The Magic of Pixie Dust!

Roy Hobbs Baseball

Editor’s Note: Roy Hobbs staffers Ken Breen and Glenn Miller along with JetBlue Park public address announcer Ted Fitzgeorge gave a presentation on Fort Myers spring training history on February. Ted served as MC. The event was the program for the Southwest Florida Historical Society’s annual Cracker Dinner.  This condenses version of their talk.

Novelist Bernard Malamud, who wrote the novel “The Natural,” once said that the “whole history of baseball has the quality of mythology.”


Roy Hobbs World Series participants share the myth stage with some luminous names. They also walk through the same fields of pixie dust as the legends.

Pixie dust? We will explain.

Major League Baseball spring training began in Fort Myers in 1925 with the arrival of the Philadelphia A’s at Terry Park.

What about pixie dust?

Theoretically, and I hope everybody realizes we are speaking tongue-in-cheek, moving an MLB team to Fort Myers has a transformative impact.

The A’s were terrible before moving to Fort Myers in 1925 and sprinkling pixie dust on their spikes.

Their last winning season before 1925 was 1915. They had 4 seasons in which they lost more than 100 games.

In 1925, they went 88-64 and finished second in the American League.

They went on to win the pennant in 1929, 1930 and 1931 and the World Series the first of those 2 seasons. In each of those seasons they won more than 100 games.

What about the Cleveland Indians?

They came to Fort Myers in 1940. The last time they had finished as high as second was 1926.

The last time they won as many games as 89 was 1921.

What did they do in 1940? They went 89-65, finishing second in the American League only 1 game behind the first-place Detroit Tigers.

Then in 1955 came the Pittsburgh Pirates, an awful team in the early 1950s.

They lost more than 100 games in the 1952, 1953 and 1954 seasons. The 1952 team was 42-112. They finished last each season.

The Pirates moved to Fort Myers and things started looking up immediately. Sure, they still finished last but lost only 90 games in 1955.

They were on their way. They finished second in 1958. The last time they finished second was 1944.

They won the 1960 pennant and then beat the Yankees in a 7-game World Series. It was their first pennant since 1927 and their first World Series title since 1925.

The Pirates left for Bradenton in 1969 and have been there ever since.

They were replaced at Terry Park in 1969 by the expansion Kansas City Royals. Expansion teams usually struggle for many years. Not the Royals.

They had that pixie dust working for them.

They won 7 division titles between 1976 and 1985 and the World Series in 1985. Their last year at Terry Park was 1987.

In 1990, the Minnesota Twins were last in the American League West with a 74-88 record.

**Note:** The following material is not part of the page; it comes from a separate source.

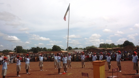We were welcomed at the event by a crowd of about 500 people. It was amazing to see so many kids. I loved seeing the scoutmaster direct his young troop into the raising of the flag and the singing of the national anthem. As the crowd stood up in honor of their country, I loved seeing them salute the flag that represented independence for their country. After a few solemn speeches by the dugutigi and Yeah, the party moved on. Yeah talked about the last 51 years of independence in Mali. He also talked about the upcoming presidential elections and how Ouelessebougou needs to mobilize themselves to support the new leader and change.

The 1990 Twins trained at Orlando’s Tinker Field.

In 1991, they moved to a new facility called the Lee County Sports Complex.

Pixie dust worked its magic. The Twins not only won their division in 1991 with a 95-67 record, going from worst to first, but they went on to win the World Series in 7 games over the Atlanta Braves.

Another Pixie Dust challenged loomed.

In 1992, in their final year training in Winter Haven, the Boston Red Sox finished last of 7 teams in their division.

In 1993, their first year in Fort Myers, they inched up to fifth. It wasn’t much. But it was an improvement.

It took a while, but the Pixie Dust worked its magic, even against the Curse of the Bambino.

After not winning a World Series since 1918, the Red Sox won it all in 2004, 2007, 2013 and 2018.

Don’t mess with Pixie Dust!

See you this fall in Fort Myers. Don’t forget to bring your pixie dust.